We hate it when magazines are all distant and detached from their readers, which is why we think it is really good for society at large that Teen Vogue holds regular conversations with a socio-economically diverse group of its readers about things that really, really matter. For instance! The June-July 2007 issue — which will have to satisfy its readers for the two whooolle months they're toiling at Seeds of Peace camp or whatever the college admissions swamis are advocating these days — tackles:
Q: Is there such a thing as too thin?
Rachel S., 17: Theoretically, yes, but I think all the starlets that magazines say are too skinny are really attractive. When Jessica Simpson was superslim, you could count her ribs, I thought she was pretty. It's sexy to see bones.
Q: Will Hollywood become more accepting of full-figured actresses?

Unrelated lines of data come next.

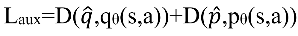 辅助损失L_aux用于那些具有预定义语义的预测,即动作价值(q)和辅助策略预测(p),具体如下: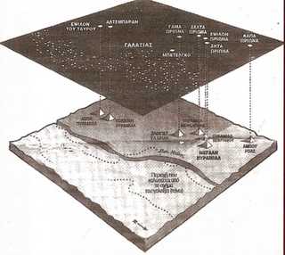 Οι εκπληκτικές και ακριβείς αντιστοιχίες του τμήματος του ουρανού στον αστερισμό του Ωρίωνα με την περιοχή των Πυραμίδων, στην Γκίζα της Αιγύπτου. Το γεγονός προκαλεί αίσθηση στον επιστημονικό κόσμο από τότε που έγινε γνωστό. Παρατηρήστε ότι όχι μόνο οι θέσεις των επτά πυραμίδων και κτισμάτων της περιοχής -μεταξύ των οποίωνκαι η Μεγάλη Πυραμίδα – αντιστοιχούν ακριβώς στους αστέρες του Πρίωνα, αλλά και ότι το σχήμα του ποταμούΝείλου αντιστοιχεί στο σχήμα του Γαλαξία στο συγκεκριμένο τμήμα του ουράνιου χάρτη!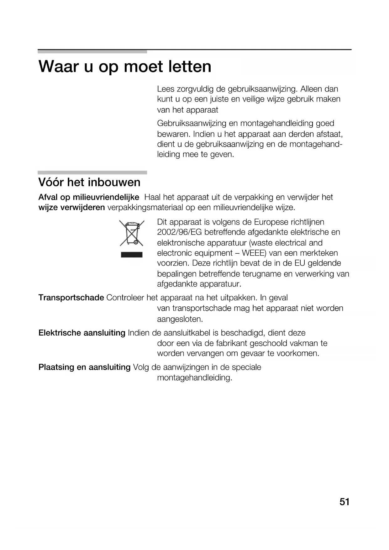 Vóór het inbouwen . . . . . . . . . . . . . . . . . . . . . . . . . 51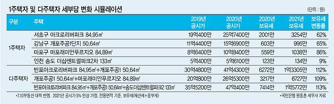 조정대상지역의 2주택 이상 다주택자는 대부분 사정이 비슷하다. 공시가 10억8400만원인 서울 마포구 마포래미안푸르지오 84㎡에 거주하면서 강남구 개포주공1단지 50.64㎡를 보유하고 있는 B씨는 올해 3217만원(재산세 771만원, 종부세 2446만원)인 보유세를 내년엔 두 배가 넘는 6727만원(재산세 885만원, 종부세 5842만원)을 내야 한다.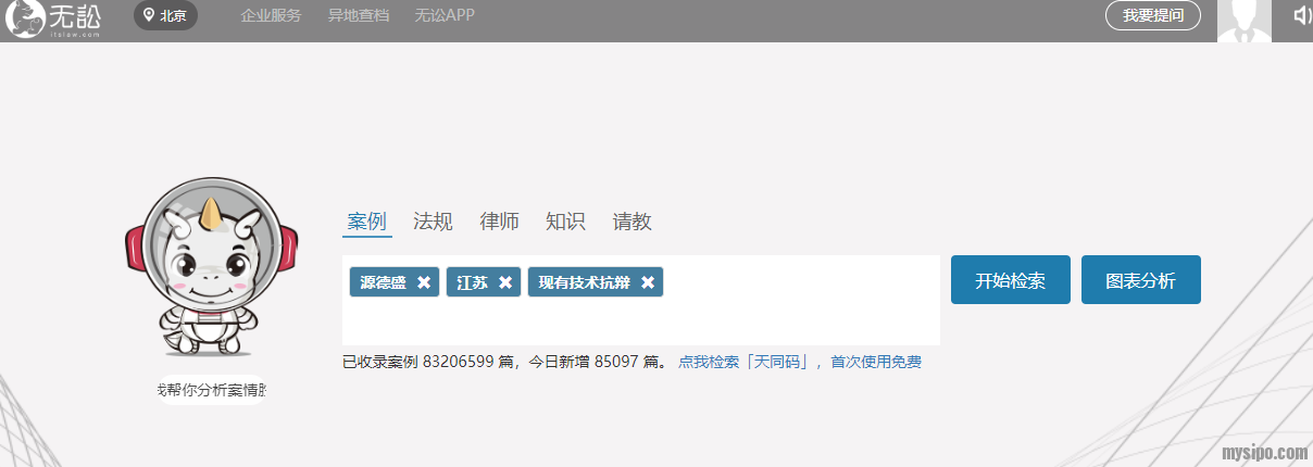专利诉讼数据检索一般可以在无讼、openlaw、法信等第三方数据库检索,等官网相比第三方数据库在界面、检索功能上具有很强的优势。以无讼(https://www.itslaw.com/)为例简要说明,在检索框中输入“源德盛、江苏、现有技术抗辩”。
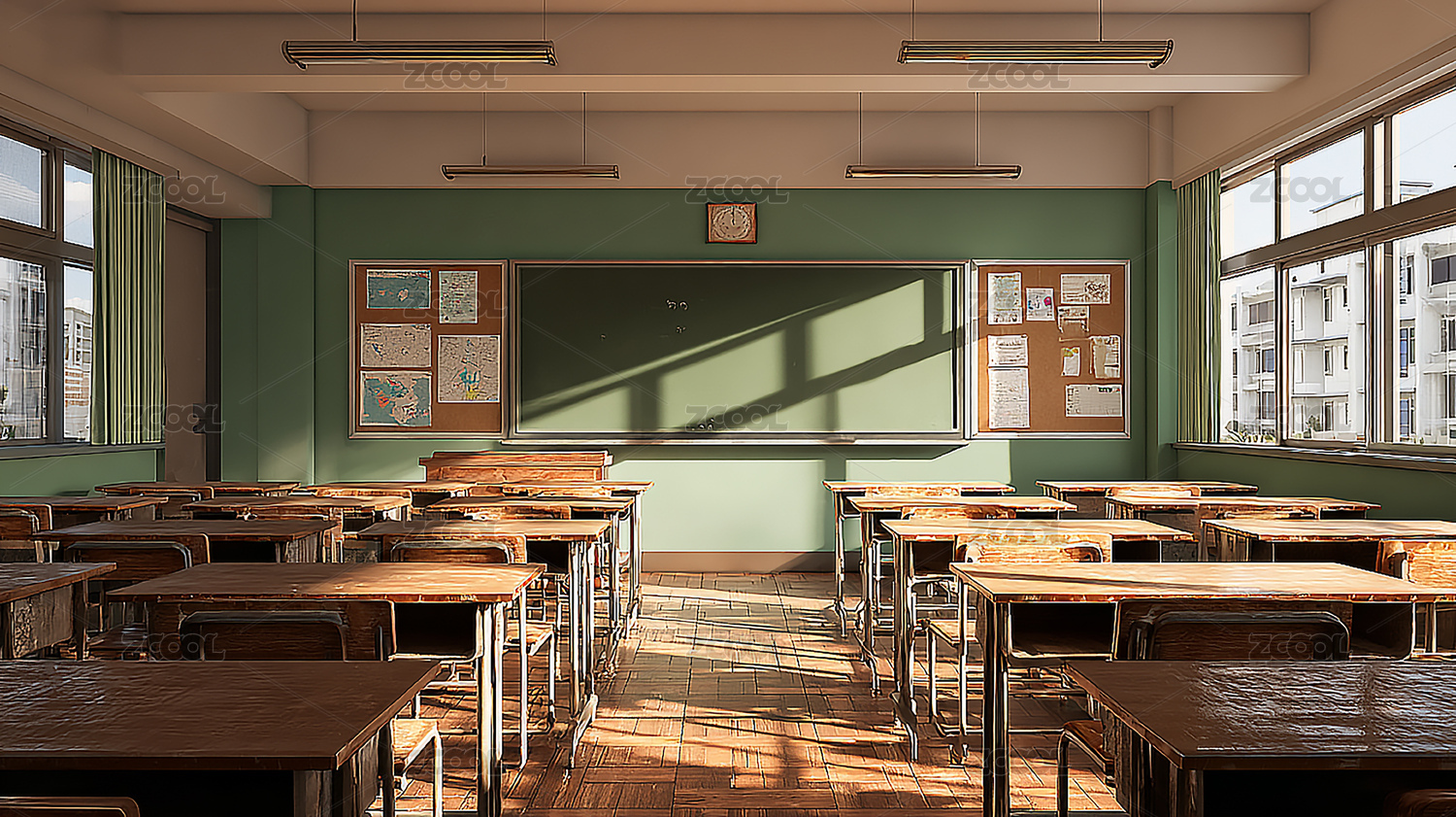教室,课桌,椅子,窗户,黑板,地板,阳光,光影,反射,玻璃

Rachel S.: America [Ferrara], Jennifer Hudson, Queen Latifah—they're not full-figured. They're fat.
Two things, Rachel S.:
1. If the crack team of Teen Vogue fact-checkers is doing its job, you are a year from the age at which you will find yourself a prime target for an act known around these parts as the "hate fuck." Don't say we didn't warn you.
2. We would totally love to offer you an internet TV show! The pay is crap, but think of the exposure! Especially after reading this:
My parents are supportive, but some of my friends' mothers aren't so nice. The moms will spend a lot of time at yoga or working out and they're skinnier than their daughters. Then they call their daughters fat.
Which makes us think you could have that real poor-little-shallow-girl potential that incredibly deep and psychologically complex viewers like us love, you know, in that totally voyeuristic way that also makes us love Teen Vogue . Wait, no, maybe not voyeuristic. Maybe "misanthropic."